**EXTRACTED INFORMATION**
★ ★ ★ ★ ★ ★ ★

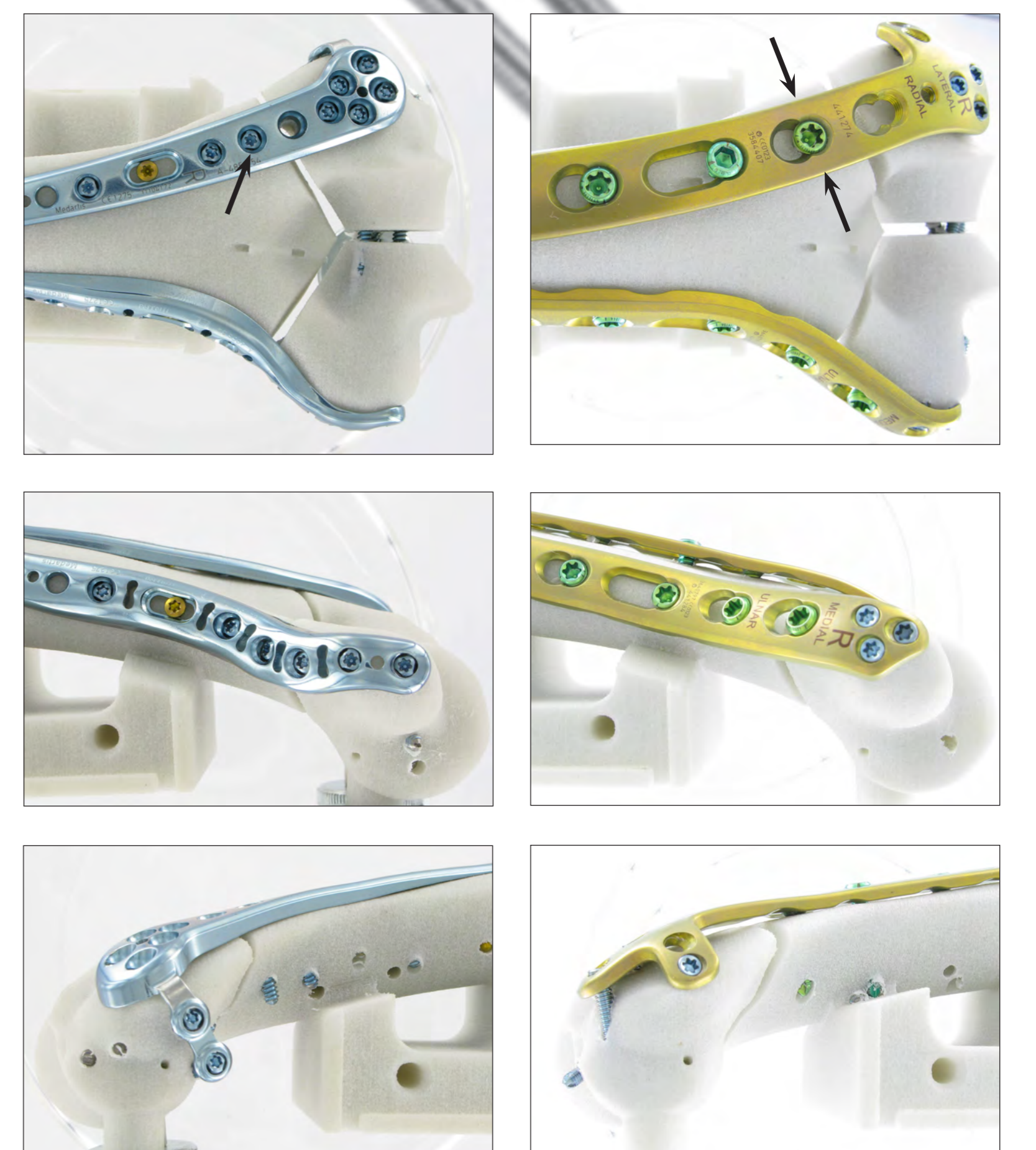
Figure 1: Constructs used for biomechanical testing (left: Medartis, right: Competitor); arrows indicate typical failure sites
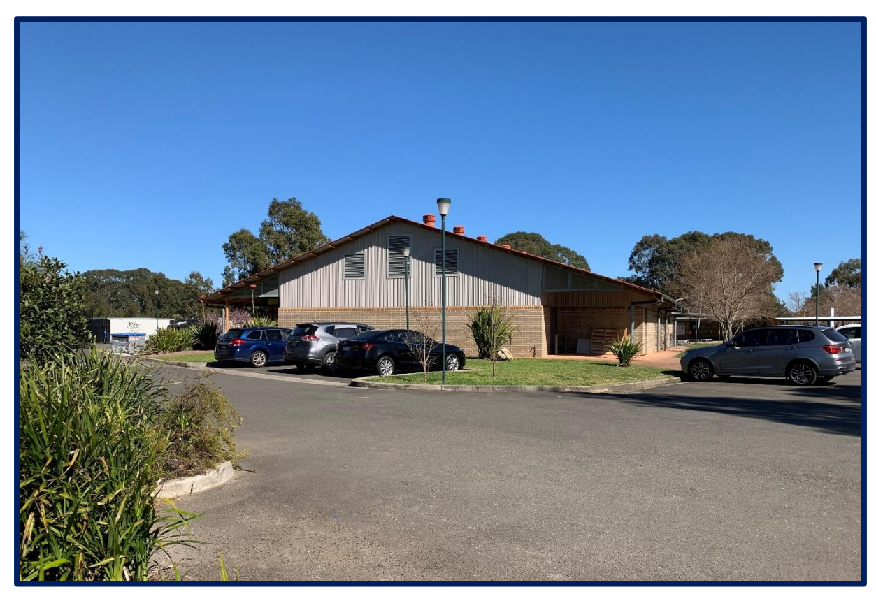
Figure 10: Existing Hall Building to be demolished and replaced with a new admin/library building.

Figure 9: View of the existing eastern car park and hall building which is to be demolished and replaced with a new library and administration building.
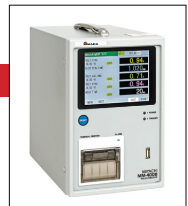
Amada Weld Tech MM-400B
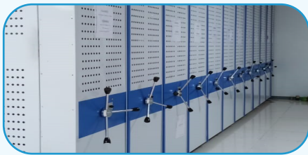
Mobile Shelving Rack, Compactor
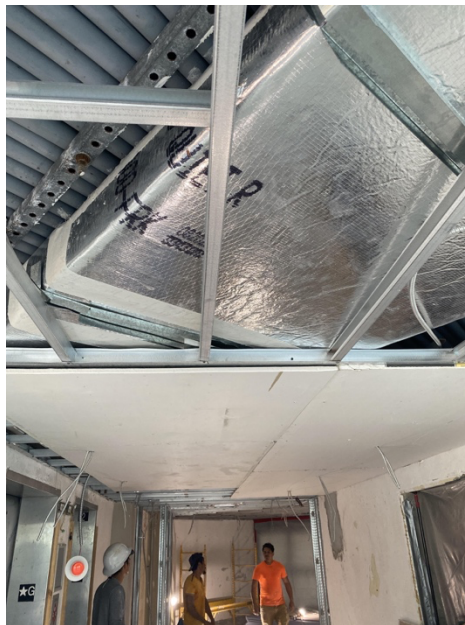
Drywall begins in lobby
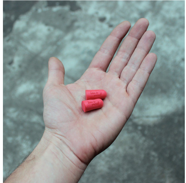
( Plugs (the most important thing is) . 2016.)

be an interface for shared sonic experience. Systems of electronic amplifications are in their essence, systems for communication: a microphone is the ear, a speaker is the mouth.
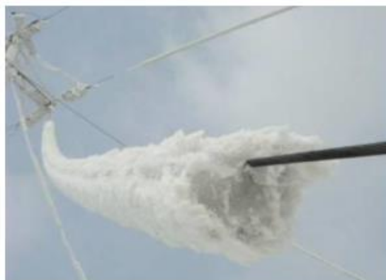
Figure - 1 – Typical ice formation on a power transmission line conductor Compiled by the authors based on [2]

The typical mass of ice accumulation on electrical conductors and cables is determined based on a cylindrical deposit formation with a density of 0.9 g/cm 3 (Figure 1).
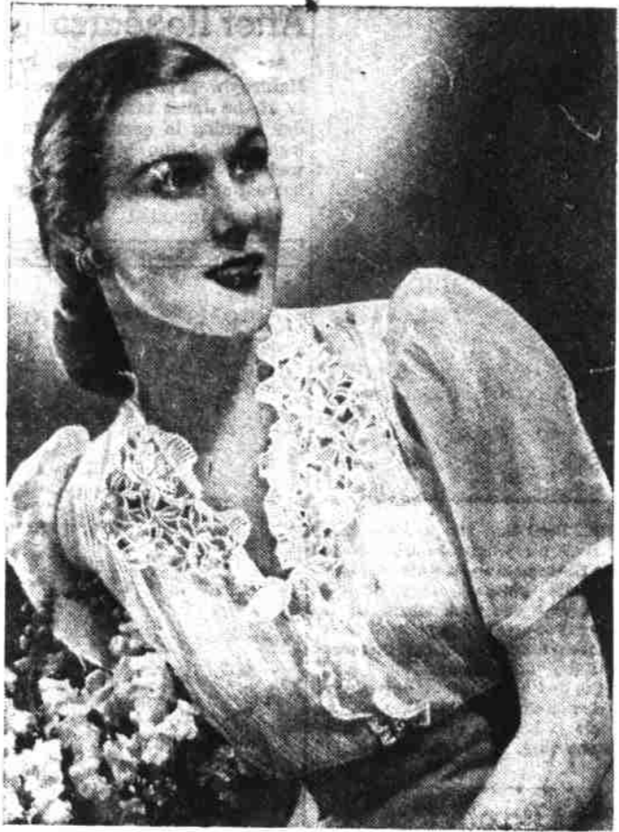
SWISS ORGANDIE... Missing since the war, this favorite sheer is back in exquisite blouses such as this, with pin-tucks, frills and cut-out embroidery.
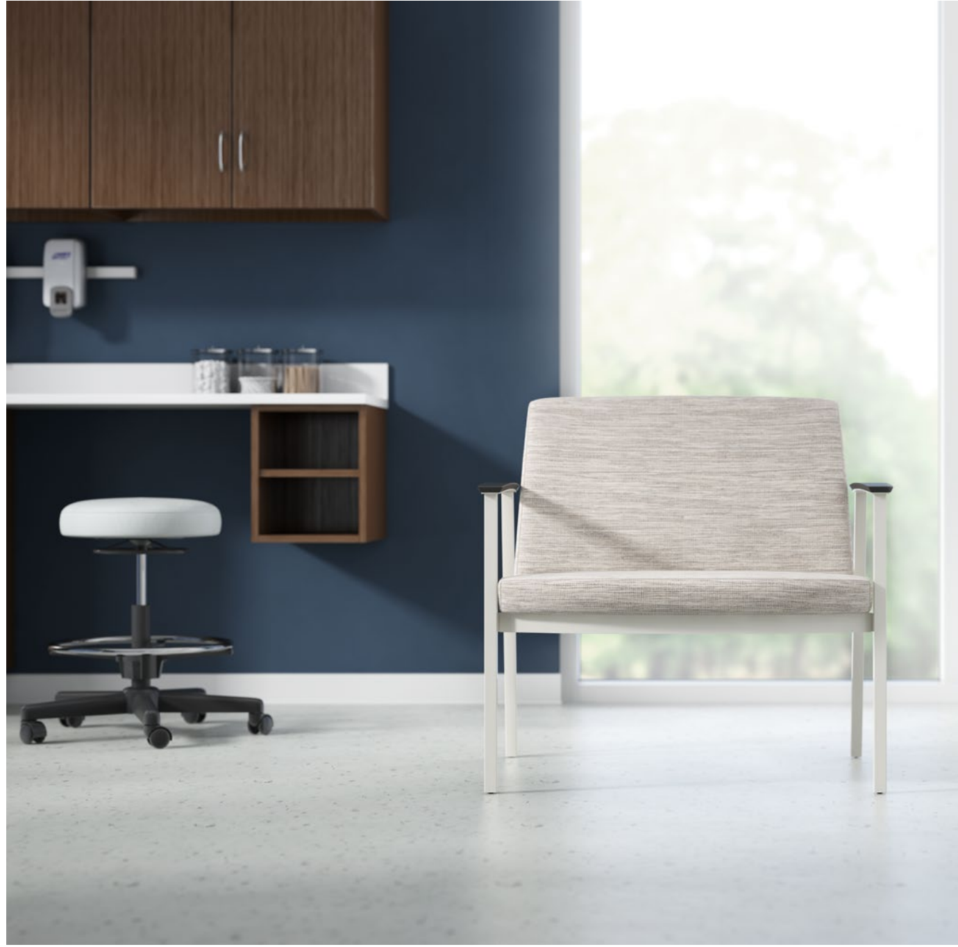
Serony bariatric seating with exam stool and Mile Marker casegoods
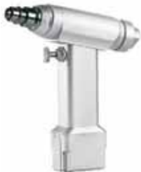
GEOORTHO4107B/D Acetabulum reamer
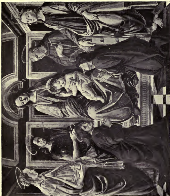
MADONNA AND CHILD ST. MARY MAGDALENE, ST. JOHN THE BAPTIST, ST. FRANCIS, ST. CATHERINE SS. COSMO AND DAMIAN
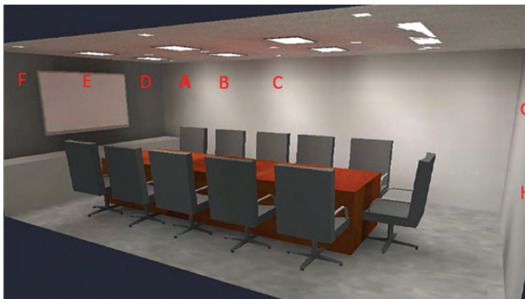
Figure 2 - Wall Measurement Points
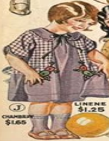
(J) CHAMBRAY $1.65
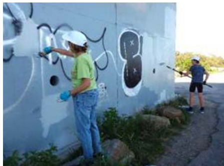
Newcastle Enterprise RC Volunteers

★ ★ ★ ★ ★ ★ ★

Copy the records exactly. Skip the pictures.

Figure 1: Constructs used for biomechanical testing (left: Medartis, right: Competitor); arrows indicate typical failure sites
Figure 10: Existing Hall Building to be demolished and replaced with a new admin/library building.

Figure 9: View of the existing eastern car park and hall building which is to be demolished and replaced with a new library and administration building.
Amada Weld Tech MM-400B
Mobile Shelving Rack, Compactor
Drywall begins in lobby
( Plugs (the most important thing is) . 2016.)

be an interface for shared sonic experience. Systems of electronic amplifications are in their essence, systems for communication: a microphone is the ear, a speaker is the mouth.
Figure - 1 – Typical ice formation on a power transmission line conductor Compiled by the authors based on [2]

The typical mass of ice accumulation on electrical conductors and cables is determined based on a cylindrical deposit formation with a density of 0.9 g/cm 3 (Figure 1).
SWISS ORGANDIE... Missing since the war, this favorite sheer is back in exquisite blouses such as this, with pin-tucks, frills and cut-out embroidery.
Serony bariatric seating with exam stool and Mile Marker casegoods
GEOORTHO4107B/D Acetabulum reamer
MADONNA AND CHILD ST. MARY MAGDALENE, ST. JOHN THE BAPTIST, ST. FRANCIS, ST. CATHERINE SS. COSMO AND DAMIAN
Figure 2 - Wall Measurement Points
(J) CHAMBRAY $1.65
Newcastle Enterprise RC Volunteers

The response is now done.